Wednesday, February 1, 2017

Is it enough for Christians to be "welcoming"?

I change churches and faiths a lot.  I'd like to be part of a stable religious community, like to be one of those people who goes to the same church for twenty or thirty years, but my personal beliefs keep changing and evolving.  I remember in November there was some advice to write down what you believe so as not to violate those beliefs, but now, in January, I recognize that my beliefs have always changed constantly.  I can't hold the line to who I was in November 2016, or in 2012, or at any past time.  I can only hope that I change for the better.

I started going to my last church because I wanted to be part of a church that was welcoming and inclusive, which was something I felt was observed in the breach in my previous congregation.  I'm a demanding person, but even more challenging to my long-term membership in a congregation is that my spiritual needs change over time, and I'm not sure any one religious community can meet all of them.

I still think that it's important for Christianity to be welcoming, but I no longer think it's enough.  I have spent years seeking the "peace of Christ", continue to seek it, but find and have found it elusive.  What I find instead are the torments of Christ.  I welcome them.  I do not seek to suppress or deny suffering for Christ's sake.  And at my former church, well, they just don't necessarily feel that way.  I think they'd say that before you can ease others' suffering you have to ease your own.

I seek to ease others' suffering because I cannot ease my own without doing so.

My religious beliefs are informed by my political beliefs, as well as vice versa.  They overlap.  Politically, I have come to believe that I have chosen to tolerate things which I should never have tolerated, things we as a society should never have tolerated.  I believe this same statement applies to my Christianity.

It is not Christian behavior to overlook the actions of those who preach oppression in the name of Christ.  It is not Christian to welcome them as brothers and sisters without also remonstrating with them for their open defiance of Christ's teachings.  Our failure to challenge them has consequences.  The consequence is that most people, both Christian and otherwise, think that the words and actions of prosperity Christianity, of dominionists, are the words and teachings of Christ.
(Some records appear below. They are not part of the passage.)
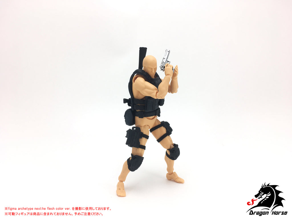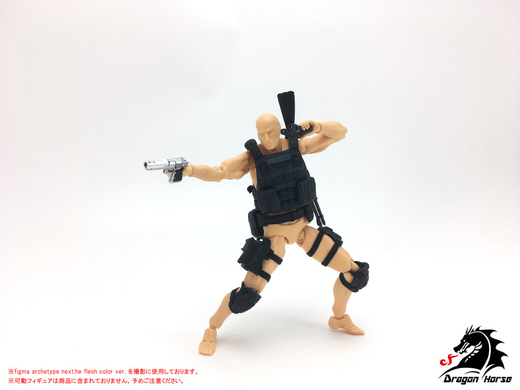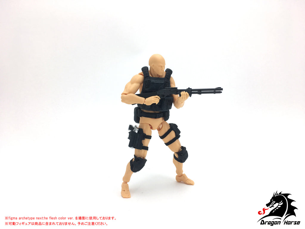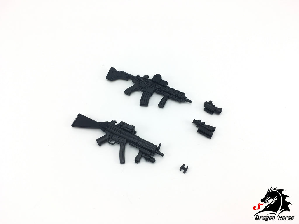 These are military style equipment sets containing weapons such as assault rifles and handguns, as well as normal gears such as tactical vest and leg pouches. There are two different sets, Set-A "Assault" has more firepower while Set-B "Ghost" is more suitable for infiltrate operations. We've also prepared abundant accessories for the main weapon, HK416 assault rifle, to offer enough room for your customizations. Last but not least, elastic cords are used on the leg pouches and knee pads so that they can be used on all kinds of 1/12 scaled figurines.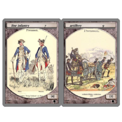 Why the game of „21“ (black jack) for a wargame? I like to play miniatures based wargame but sometimes i really have no time nor space to play them. Sometimes i just want to stay at the pub, tasting a beer, but playing a wargame. That’s why i started to design a portable wargame with modular terrain and even modular armies. For this purpose i managed to think about this wargame like a traditional game that might be played at Kings‘ Court in the XVIII century; that is the main reason to take the game of „21“ and use it to resolve units fight. In the end i liked to let the player feel the doctrines discussion on warfare for the period and to understand the way to wage war in the age of reason applying units to terrain and doctrines to units.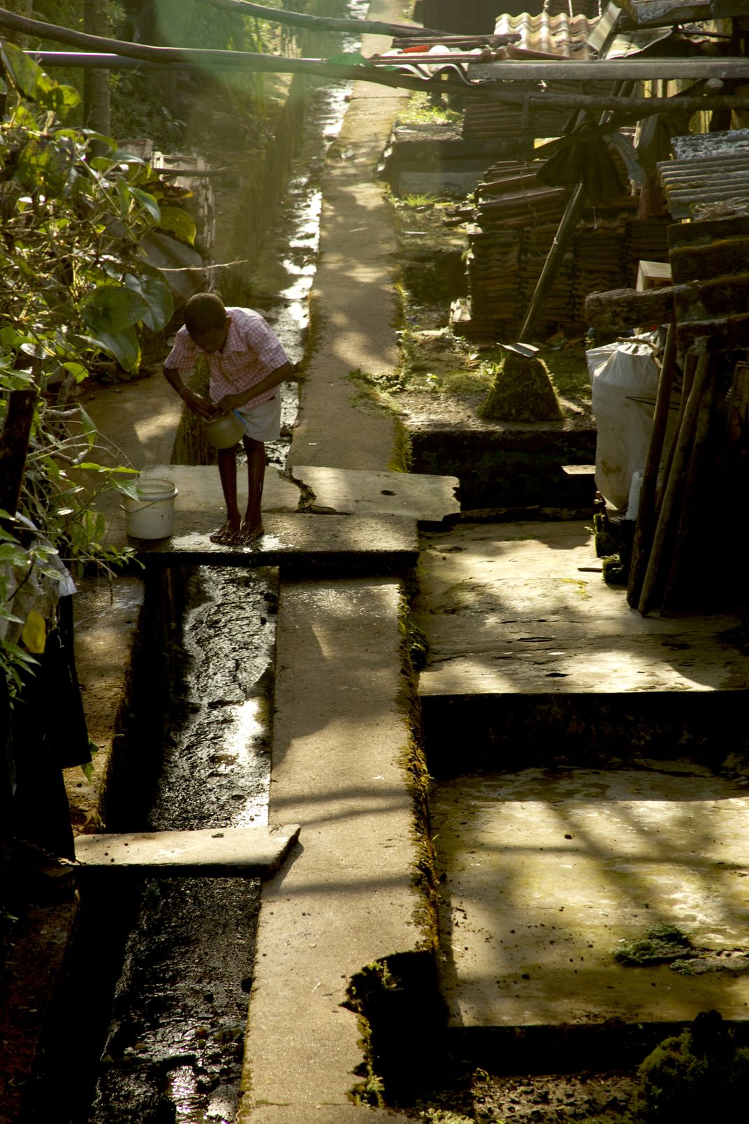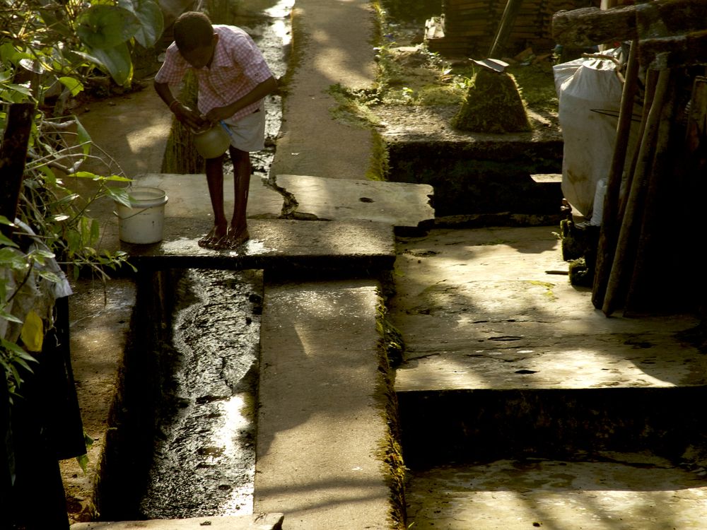 The boy who washes his mouth in the morning still knows where to do so in order to save the maximum water.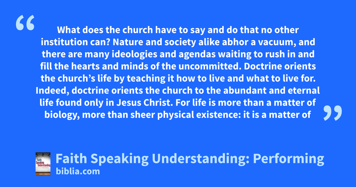 What does the church have to say and do that no other institution can? Nature and society alike abhor a vacuum, and there are many ideologies and agendas waiting to rush in and fill the hearts and minds of the uncommitted. Doctrine orients the church’s life by teaching it how to live and what to live for. Indeed, doctrine orients the church to the abundant and eternal life found only in Jesus Christ. For life is more than a matter of biology, more than sheer physical existence: it is a matter of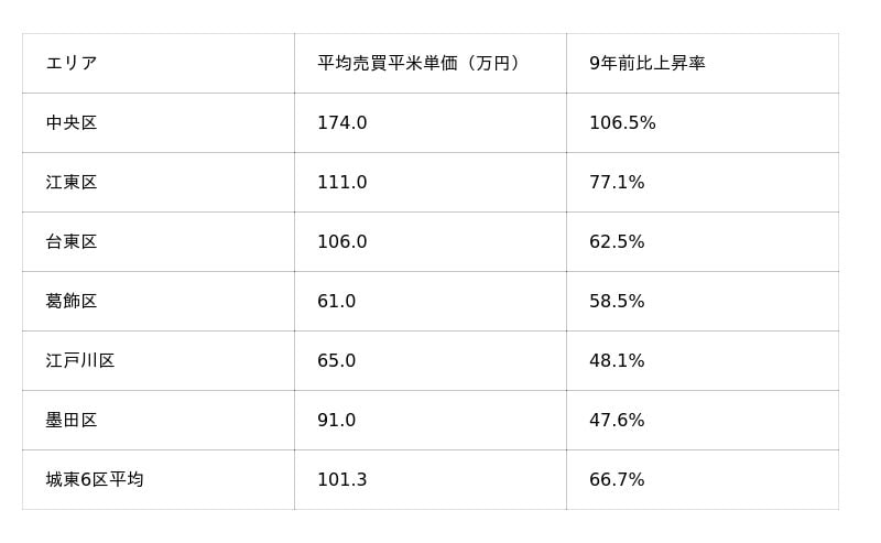 9年前と比較した平均売買価格は、中央区106.5%、江東区77.1%、台東区62.5% の上昇率を記録しており、城東エリア全体の価格押し上げに大きく寄与しています。都心アクセス性の高さや再開発による評価向上が要因となり、これら3区がエリア全体の平均単価を押し上げる大きな役割を果たしています。

We cannot expect non-Christians to ever believe that these are not Christ's teachings, to treat us with anything other than hatred and disgust, unless we, as Christians, take responsibility for the words and deeds of our "brothers" and "sisters" who preach hatred and intolerance in Christ's name.  Not just politically, but we need to go to the churches, the megachurches, where they teach these things and spread Christ's gospel to the people there.  If we are not willing to do that, our faith will continue to wither and die on the vine.